## [What the task asks]
Skip the pictures, please, and write out exactly the lines from the opening of the data through the line containing "Under-sink storage is".

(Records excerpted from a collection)
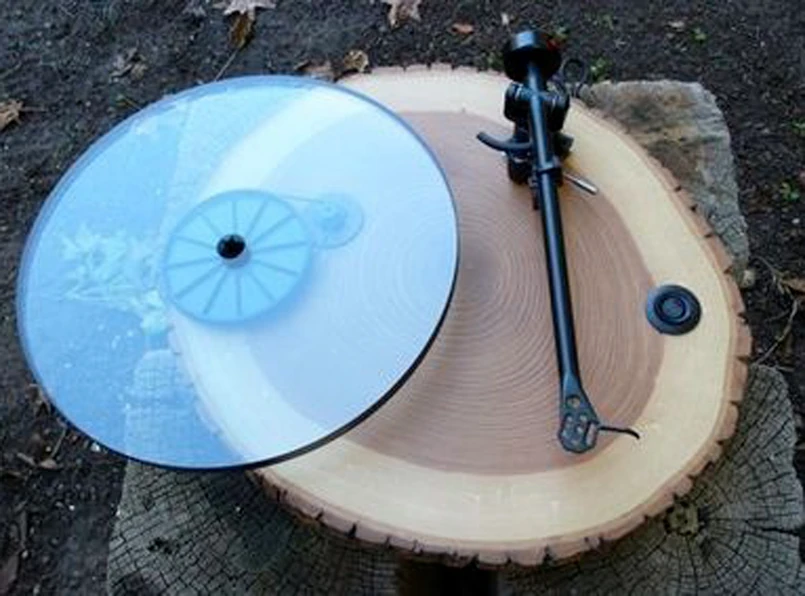 Na pomysł stworzenia drewnianego gramofonu wpadli designerzy z kalifornijskiego studia FiveTen, założonego przez medioznawcę Joela Cilleya. Jako podstawę gramofonu wykorzystano drewno chyba w najczystszej jego postaci. Podstawą urządzenia jest bowiem plaster nieokorowanego pnia.
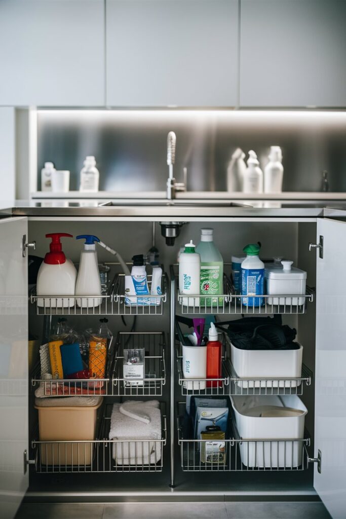 Under-sink storage is perfect for keeping cleaning supplies and other small items organized. Use pull-out drawers or shelves to make the most of this often-overlooked space.
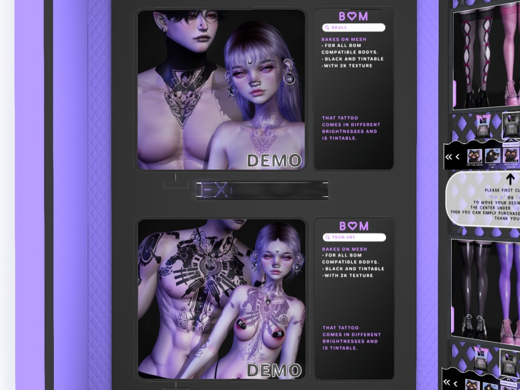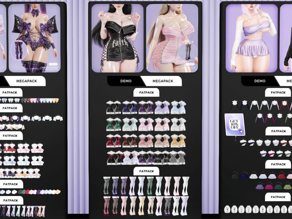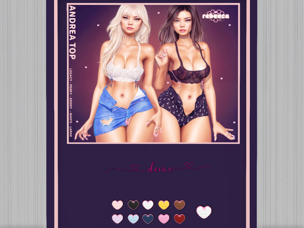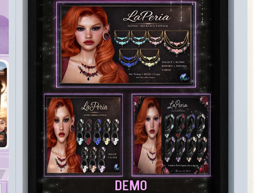 Featuring: Accessories, Animations/Poses/Props, Appliers/Cosmetics/Nails, Avatar Enhancements, Builds, Clothing, Footwear, Hairs, Home and Garden, HUDs, Shapes, Skins, Tattoos, Tools, Vehicles
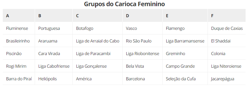 A FERJ sorteou os grupos do Campeonato Carioca de Futebol Feminino Profissional nesta quinta-feira. As Meninas da Colina estão no Grupo D, ao lado de Rio-São Paulo, Liga Riobonitense, Bela Vista e Barcelona. Os outros 3 grandes do Rio também estão confirmados na disputa.
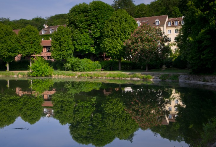 Отель расположен в тихом пригороде Парижа, между Парижем и Версалем, в окружении лесов и прудов, правда одной стороной он выходит на проезжую часть, не сильно в общем напрягающую. Отель тоже очень приятный, с хорошим СПА, но самое главное, чем запомнился нам этот отель – его восхитительные рестораны и кафе: Cabassud, les Paillotes и Café des Artistes et des Pêcheurs. Я так поняла, съезжается туда со всего Парижа народ, потому что в наш первый вечер мы не смогли там поужинать, поскольку не забронировали столик заранее… Нас отправили поискать ресторан в округе и, честно говоря, это был печальный опыт… Естественно, на все следующие вечера мы тут же забронировали столики, и не пожалели. Это было потрясающе вкусно! В любом из указанных мест, а в кафе еще и достаточно бюджетно, около 100 евро за ужин на троих с двумя бокалами вина. Завтраки тоже были в кафе и очень вкусные. Обстановка приятная, столы и внутри помещения, и во внутреннем дворике, с беседками увитыми цветущими розами…. В общем, красота и вкуснота! Следующий отель Chateau Laloin. Отель в окрестностях Блуа. Этот отель был, конечно, попроще двух других, но и значительно дешевле. Самым большим недостатком его, я считаю отсутствие ресторана (но нам очень повезло с рестораном в Блуа, и мы питались там), а завтраками нас кормили в отеле вполне приличными….
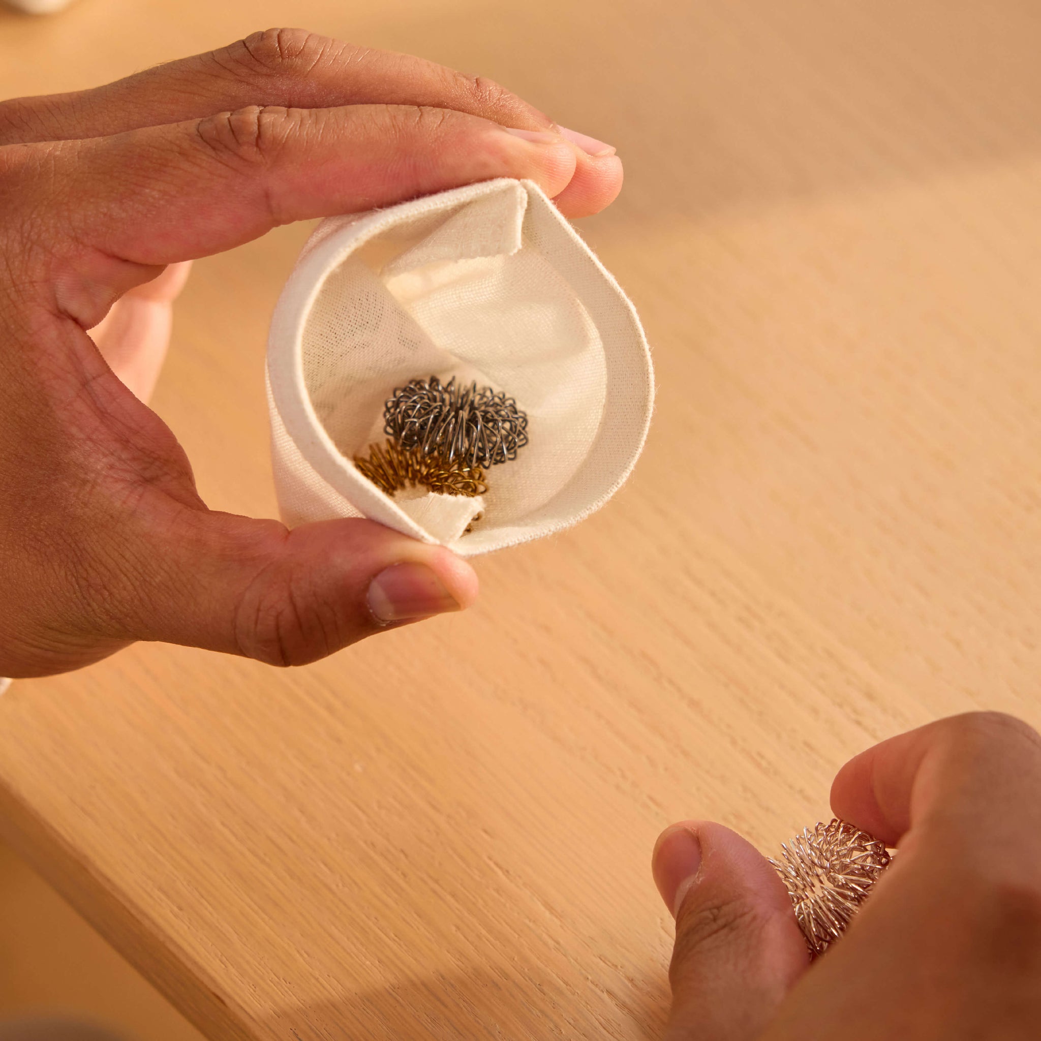 Piccoli strumenti. Impatto enorme. Il set di anelli Torus è uno strumento per il massaggio delle dita, per la concentrazione e per alleviare lo stress, da portare ovunque. Arrotolateli su e giù per ogni dito per colpire gli agopunti chiave che calmano la vostra mente e vi riportano in linea. Giocateci quando siete immersi nei vostri pensieri o nelle vostre serie preferite.

## [Response]
 Na pomysł stworzenia drewnianego gramofonu wpadli designerzy z kalifornijskiego studia FiveTen, założonego przez medioznawcę Joela Cilleya. Jako podstawę gramofonu wykorzystano drewno chyba w najczystszej jego postaci. Podstawą urządzenia jest bowiem plaster nieokorowanego pnia.
 Under-sink storage is perfect for keeping cleaning supplies and other small items organized. Use pull-out drawers or shelves to make the most of this often-overlooked space.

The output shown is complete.